The housekeeping gene, glm M, was present in all the strains (100%) and the adhesin bab B was amplified in 51 strains (77.27%). The bab B gene has been a marker of choice for tracing lineage in H. pylori and recent studies employing this gene have postulated H. pylori 's association with its human host to be approximately 11,000 years old [27, 29]. Hence phylogenies [Figure 2Cglm M tree and 2D – bab B tree] were generated based on the sequences of these genes in representative strains. These phylogenies revealed that strains from England clustered with other European strains (Ireland-Ire and Spain-HupB), while some affinities between them and Peruvian strains could also be noticed. Individual branches representing geographically specific glm M sequences were observed for India (MS, L), Japan (Hu), and Africa (R).

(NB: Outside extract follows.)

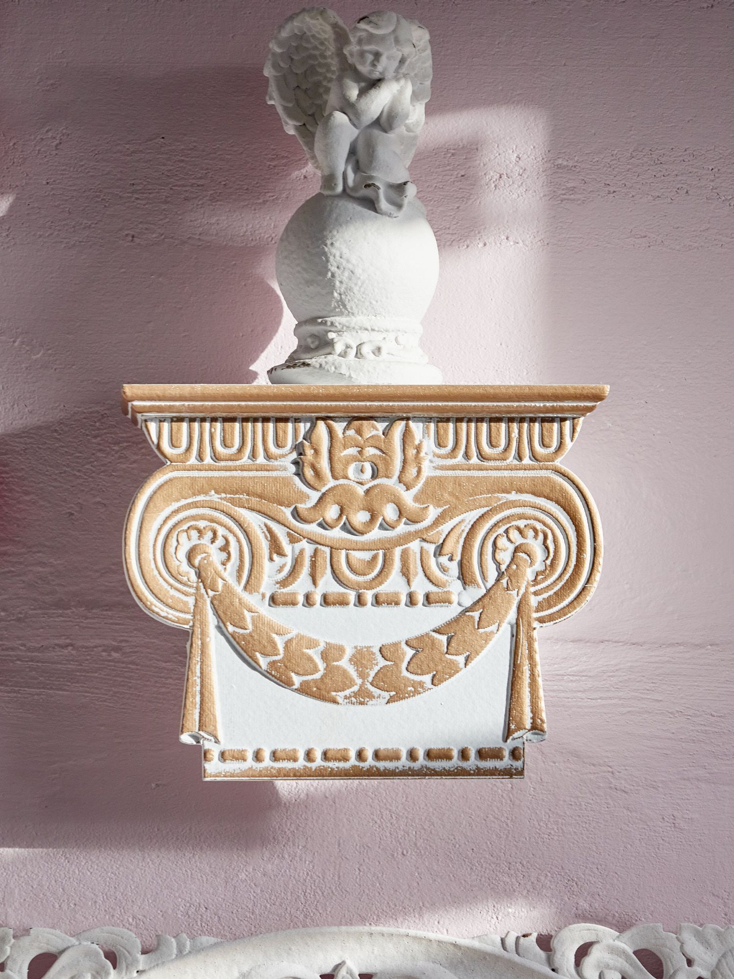 Настенная консоль в виде капители создаст новую атмосферу в вашем доме, привнося величественный античный стиль греческих и римских эпох. Эстетика и гармония этого изделия никогда не потеряют свою актуальность, демонстрируя на своей поверхности элементы декора, цветочные композиции и другие предметы. Поверхностные потертости с эффектом под старину характеризуют индивидуальный подход к производству каждого предмета, создавая задуманный дизайнером античный образ ушедших эпох.

FAFLP patterns of English strains revealed about 130 fragments in the size range of 50–500 bp when the genomic DNA was digested with enzymes MseI+0/EcoRI+A. A binary table indicating the presence or absence of a particular amplicon in each strain was scored and these values were used to assess the genetic relatedness within English (abbreviated N) and with other European strains including those from Sardinia (SarD), Spain (HupB) and Ireland (Ire). These strains clustered in one group labeled in the figure as the European cluster. Another cluster obtained was the one which represented contribution from Asian- European gene pool and included strains from India (L, BJ & MS), Japan (Hu), Africa (R) and others from Europe (HupB, Ire, N) [Figure 2B].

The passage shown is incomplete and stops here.